Talking about periods with your daughter can be quite tricky. Making her understand her changing body is crucial and needs to be done in the right ways. Even if you are well-prepared, you might find that things can turn out different from the way you expected. Here are some things you can keep in mind while having a conversation to make the best out of a period-talk and help her be better-equipped for what's to come.

Be open and relaxed

Often, either because of your own experiences or the taboo nature of the subject, talking about periods might seem awkward and make you anxious. However, your daughter will only feel comfortable discussing periods and accept it as a natural process of her growing up if you reflect the same attitude. So, be calm, composed and patient when you approach the subject.

Be age-sensitive

Since menstruation is closely connected to biological phenomena like puberty, reproduction, and sexuality, it can be hard to decide just how much information is safe to give her, and when. Although this decision can vary depending on your intuition or your daughter's pace, it is generally a good idea to start with small conversations on puberty, hormones and the changing body as early as around age 6. Age 9 and upwards, you can touch upon periods, symptoms, general body positivity and the reproductive system. If you wish, you can leave out the specifics of sex and pregnancy and initiate them later, at around 11 or 12 years' age, but make sure you answer your daughter's questions adequately. More on the right time to have the talk is covered in detail, here.

Do what works for your daughter

Every child is bound to be different in personality, temperament, and liking. Know what makes her tick, and include that to make your conversation enjoyable instead of looking forced or boring. You could watch videos about it together while talking, read a menstruation-based book or comic, or use any other resource. You can also connect things she likes or already knows to the discussion. If your little girl gets restless or does not want to talk, you might want to consider a later time. Nothing is more important than her feeling at ease. You can also consider transforming the conversation into play, going on a walk, etc. Sometimes, treating yourselves to ice-cream, or visiting your happy places once you're done can make it a valuable experience.

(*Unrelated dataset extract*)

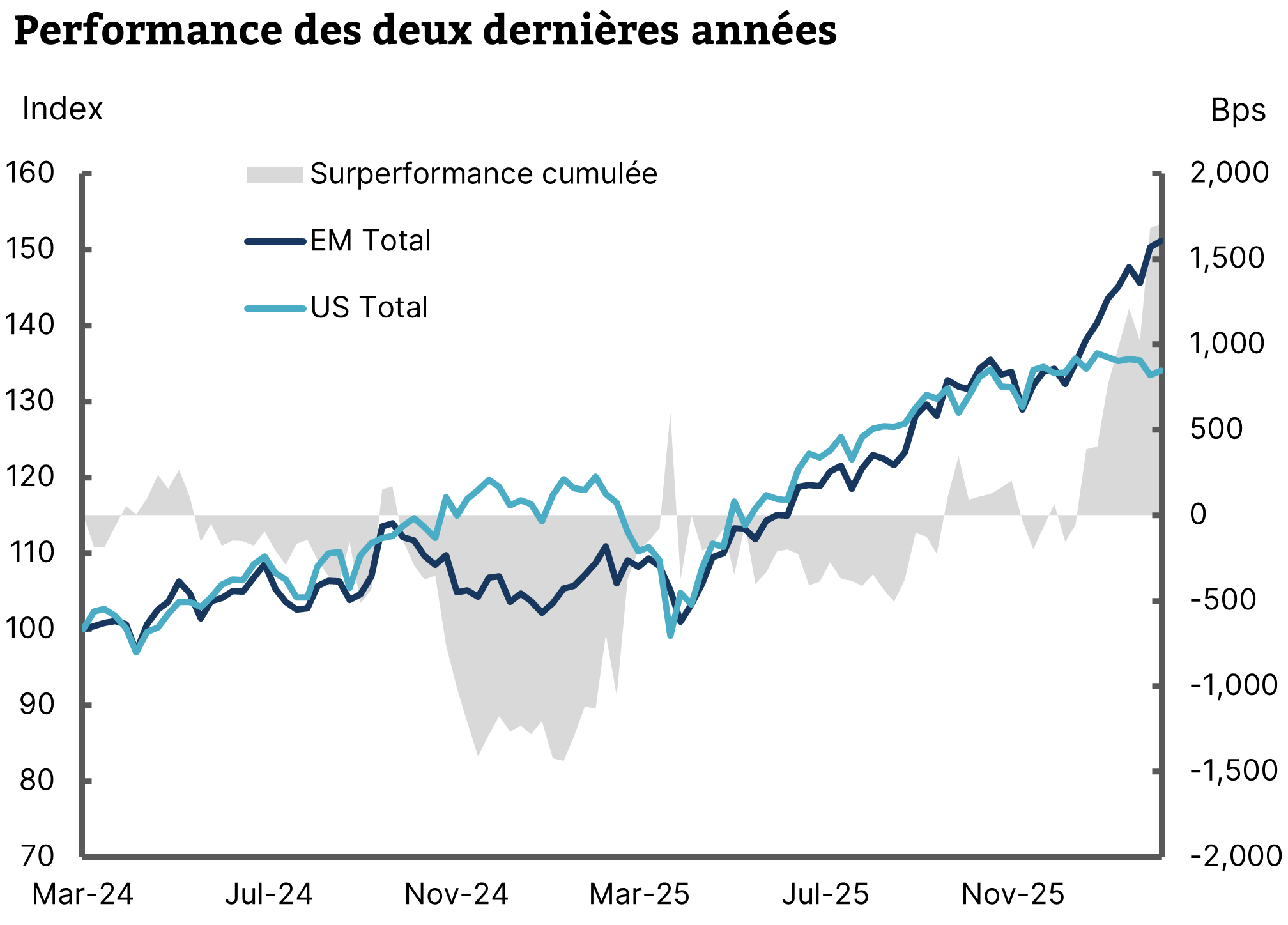 Divergence. Enfin, beaucoup de questions demeurent sur le dollar. Nous restons d’avis que le dollar ne devrait pas baisser davantage par rapport à l’euro, même si les deux changements à la tête des banques centrales accentuent l’incertitude. Force est de constater que le dollar reste stable depuis juin 2025 dans une fourchette entre 1,15 et 1,18 et que si nous avons brièvement touché 1,20, le marché n’a pas tenu. En revanche, nous anticipons une divergence dans le sens où le dollar pourrait s’affaiblir contre d’autres devises, notamment émergentes, qui restent fortement sous-évaluées.

Have many small conversations

Another very useful approach to period-talks is breaking it into multiple ongoing conversations instead of one “big talk”. This helps normalize menstruation, removes any awkwardness and also lets her know that she can approach you whenever she wishes to. You can pick simple, everyday moments to talk about it like when you spot a sanitary pad advertisement, when you are back from the parlor, or when she asks you a question. The last thing you want is for it to look staged, and this helps it be spontaneous.

Have a healthy tone

Your tone plays a key role on how your daughter will identify with her body and menstruation. Be positive and yet, realistic. Validate her feelings. Tell her that it is normal to feel nervous, that it is natural and there's nothing to be worried about. Try to use specific words like 'vagina' and 'uterus' openly instead of being embarrassed or using slang phrases. Be scientific, but do not overwhelm her with terminologies. Most importantly, avoid calling it 'a curse' or emphasising how terrible it is. This can go a long way in your daughter being confident, positive and prepared.

Engage with questions

Your daughter will raise many questions about periods. Answer them to her satisfaction. If you don't know the answer, be honest about it and get back to her with a response. Even better, you can find out answers together. If she asks a question that you think could wait till she's older, be warm and encourage her curiosity. Then, provide an answer to only what she asks in a simplified way, promising a better explanation later. Period-talks are a two-way street. Ask her questions about what she has already heard or experienced. Chances are that she has already picked up things from her peers or noticed changes in herself. Really listening to her will make her feel valued. This also opens up an opportunity to correct any wrong information she may have.

Connect to personal experiences and stories

You can try to spark conversations by relating them to your own life or those of relatives and friends. Say, “When I first got my period…”, or “This one time I forgot to take a pad to school…”. However, try to be light and positive about it. Even if you're talking of a particularly bad incident, be realistic, but do not scare her about it. Instead, tell her what you learned from those experiences and how she can be better prepared.

Cover health issues, hygiene and problems

Once she knows about menstruation fairly well, you can also touch upon topics covering choosing menstrual hygiene products, pre-menstrual syndrome, cramps and other likely experiences, managing a leak, staying hygienic, toxic shock syndrome, etc. This will help a better understanding and ensure that period-talk is not a one time deal.